So the Tories’ newly appointed Director General of the BBC is pulling a popular satirical TV show because it’s too left-wing (https://www.dailymail.co.uk/news/article-9354927/BBC-axes-left-wing-satire-Mash-Report-presenter-Nish-Kumar-hits-back.html). This comes on top of the (Tory) Home Secretary’s bringing in new draconian laws against peaceful (but noisy) political demonstrations (https://www.politics.co.uk/comment/2021/03/11/silencing-black-lives-matter-priti-patels-anti-protest-law/?cmpredirect), and this shortly after she had been forced to settle a case against her of bullying, at the cost – to the public – of £340,000: https://www.newstatesman.com/politics/uk/2021/03/why-do-politicians-keep-getting-away-scandal; the PM’s refusing to correct a downright lie – among many – in the House of Commons (https://www.mirror.co.uk/news/politics/boris-johnson-slapped-down-speaker-23681360); and the High Court’s adjudging the government to have acted illegally in granting Covid-related contracts to Conservative Party donors (https://dpglaw.co.uk/high-court-declares-government-acted-unlawfully-in-its-ppe-procurement/). All this in the last week alone; and probably much else besides.

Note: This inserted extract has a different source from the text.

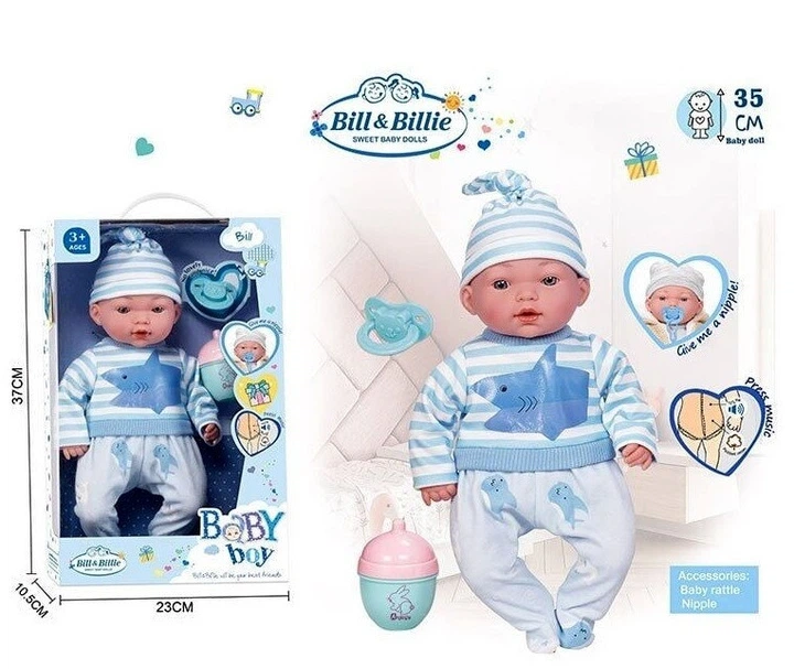 Пупс м’якотілий 201-1 зі знімним одягом, 35 см, у коробці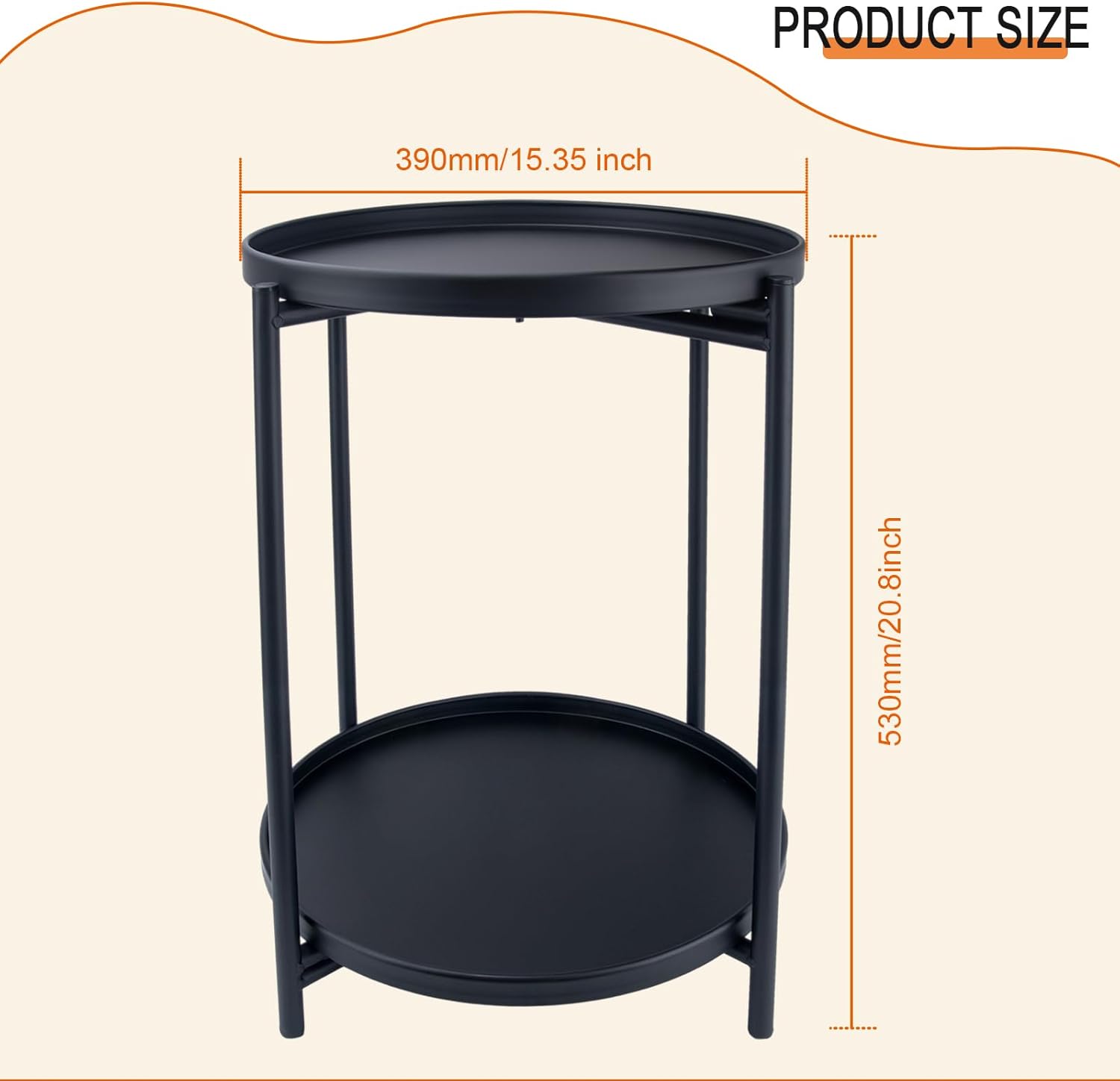 - 3-Easy to Assemble and Space-saving: With its folding design, this metal side table is easy to assemble and disassemble, making it perfect for small spaces. Its compact size also makes it easy to store when not in use,black side table

With the Government’s Commons majority of 80 having been won by rank deception; all decent Tories having been effectively expelled from the Party; the official Opposition demoralised and toothless – Corbyn’s teeth having been pulled by the Tories’ propaganda agencies; 80% of the press in the hands of proto-Fascists; and Ministers setting aside Britain’s centuries-old democratic ‘checks and balances’ in order to force through Parliament their Right-wing agenda: Johnson seems to be on a roll. He’s had an extraordinary run of luck recently, especially with the coronavirus, on which he can lay the blame for the effects of Brexit – that together, of course, with the evil EU, which his tame Press is still stoking up popular hatred against.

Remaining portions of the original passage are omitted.